方謙平靜的看著他,道“我并沒有在神殿之中任職,你無需以下屬之禮待我。”
陳八尺低著頭,惶恐道“大人這是哪里話,您是知守觀之人,就算司座大人在您面前也矮上一頭,何況小人。”
方謙微微一笑,道“我見過的洞玄修行者之中,論不要臉你當屬第一。”
陳八尺臉色微微發僵,卻是依然保持著極為恭謹的神情。
“大人謬贊了。”
方謙嘆息一聲,實在不想繼續看他演戲,便直接道“你找我來到底有何事”
陳八尺立馬便將之前給酌之華的解釋說了一遍,把之前所有的責任全部推到了曲妮身上。
看他說的有聲有色,似乎發自肺腑,方謙忍不住在心里給他了一個雙擊。
他冷漠的看著他說道”“同為響應神殿號召而來的同僚,月輪國如此做派,分明是沒有將神殿的諭旨放在眼里,我希望等到了左帳王庭,你還是這個說辭。”

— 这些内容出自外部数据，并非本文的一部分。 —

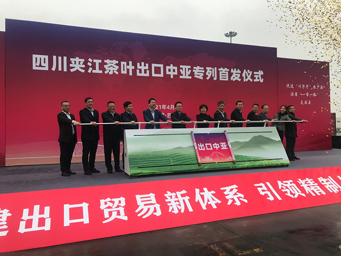 4月9日,张陆彪主任出席“四川夹江茶叶出口中亚专列”首发仪式并致辞。
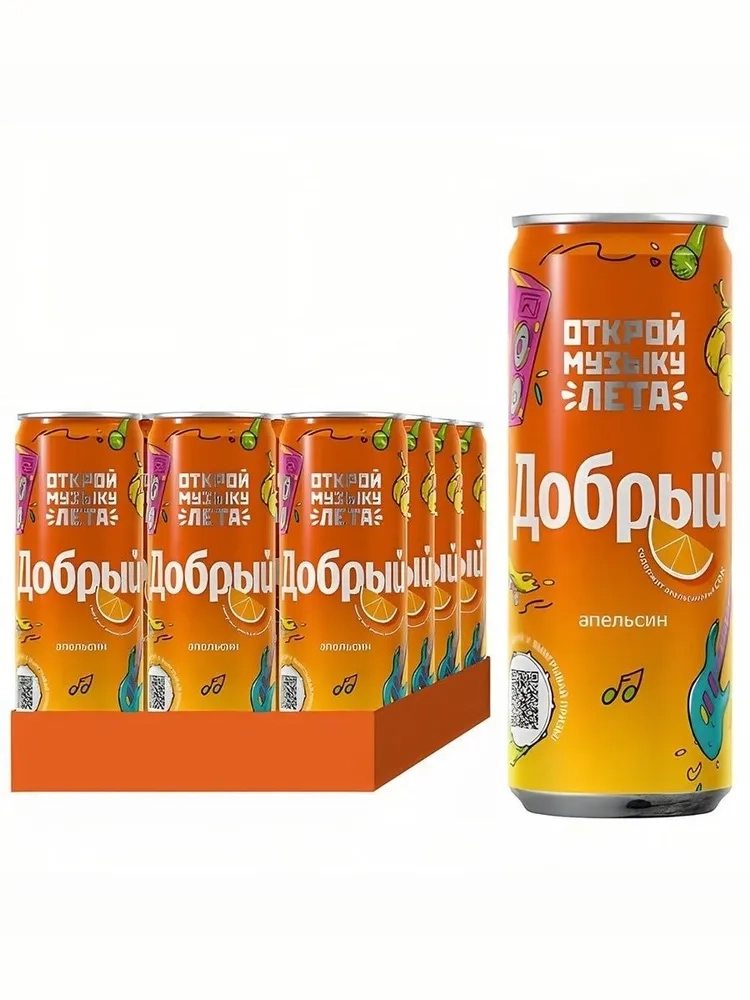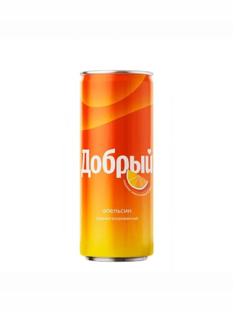 Добрый Апельсин — газированный напиток с сочным вкусом апельсина и множеством пузырьков. Содержит натуральный апельсиновый сок.
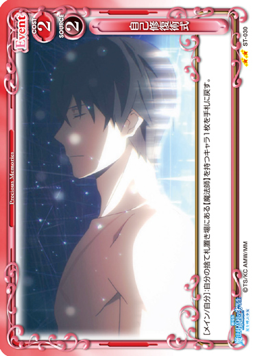 | [メイン/両方]:《休》自分の「光井 ほのか」1枚を活動状態にする。(《休》:このキャラを休息状態にすることでテキストを使用することができる。) | ||
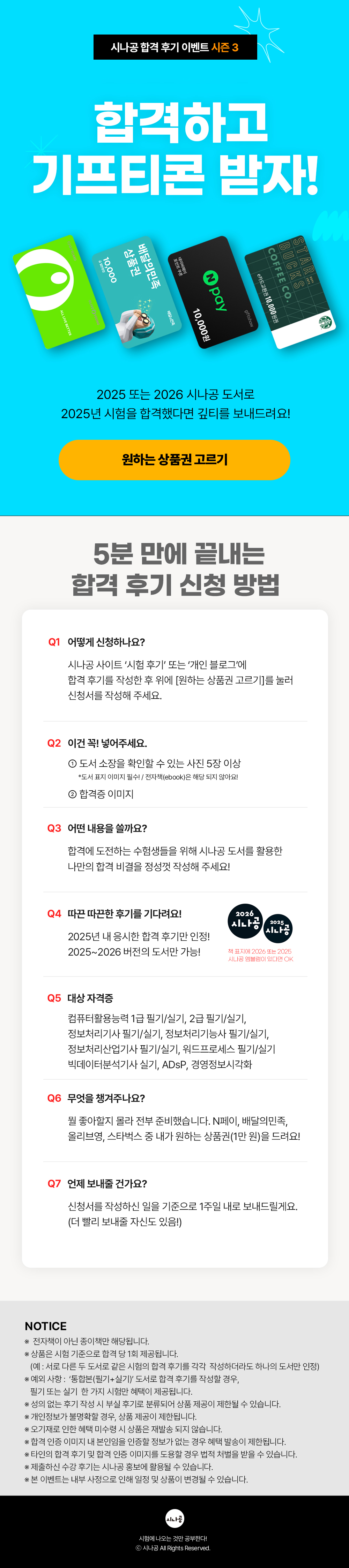 시나공*리자2025-03-11강*호 님, 동일 시험 필기 시험, 실기 시험 각각 시나공 교재로 공부한 후 합격 후기 쓰시면 각각 선물 보내드립니다!
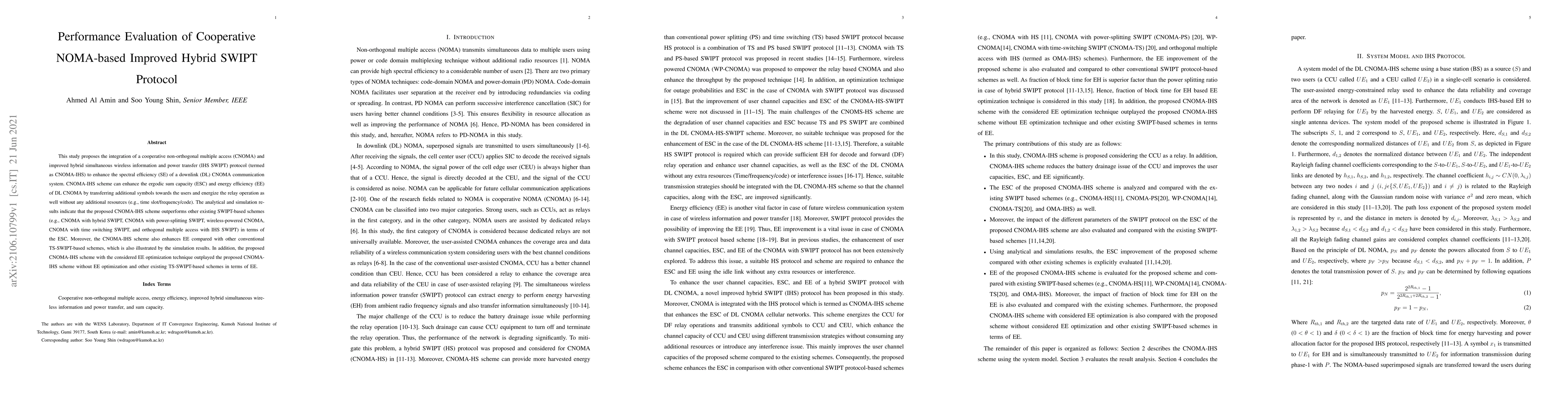 This paper proposes a cooperative non-orthogonal multiple access (CNOMA) integrated with an improved hybrid simultaneous wireless information and power transfer (IHS SWIPT) protocol (CNOMA-IHS) to boost spectral efficiency in a downlink CNOMA system. The CNOMA-IHS scheme enhances ergodic sum capacity and energy efficiency without additional resources, outperforming existing SWIPT-based schemes in terms of both metrics.
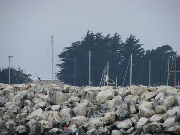The marine layer blanketed the coast. We motored the entire way to Half-Moon Bay, with never enough wind to fill a sail.
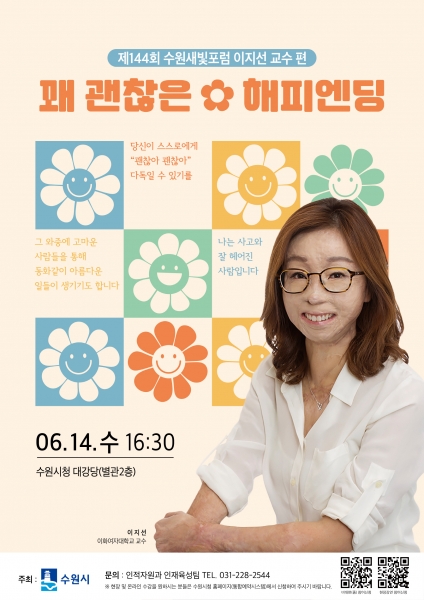 수원시는 6월 14일 오후 4시 30분 시청 대강당에서 ‘꽤 괜찮은 해피엔딩’을 주제로 ‘제144회 수원새빛포럼 이지선 교수 편’을 개최한다.

陳八尺瞬間便明白了其中的意思,于是他立刻一臉肅然的拍著胸脯道“您放心,這本就是曲妮那個老家伙包藏禍心,屬下到時候一定全力指證于她。”
方謙看了一眼草甸上那個老邁的身軀,冷笑一聲,他早就看這個不要臉的老家伙不順眼了,這次就找個機會給她個教訓,讓她以后少出來做點妖。
“好了,你該干嘛干嘛去,以后沒事別找我。”
說完,他就直接走了,跟陳八尺呆久了,他真有點怕被他帶偏了。
明明是一言不合就動手講道理的世界,怎么就變成溜須拍馬的職場生活了
之后的日子里,因為月輪和墨池苑之間本就有著齷齪,再加上之前的事情,二者之間的關系可以說是冷到了極點,雖是同樣的目的地,但一路上都是相隔甚遠,有種老死不相往來的感覺。
方謙倒是感覺不到那種氣氛,他一直呆在馬車上照顧莫山山,變著法的拿些好吃的出來,倒是把本來有些清瘦的莫山山養的豐腴了幾分。
尤其是此次之后,他能夠明顯感覺到莫山山對他比之前不一樣了許多,似乎更容易害羞,也更容易生氣了。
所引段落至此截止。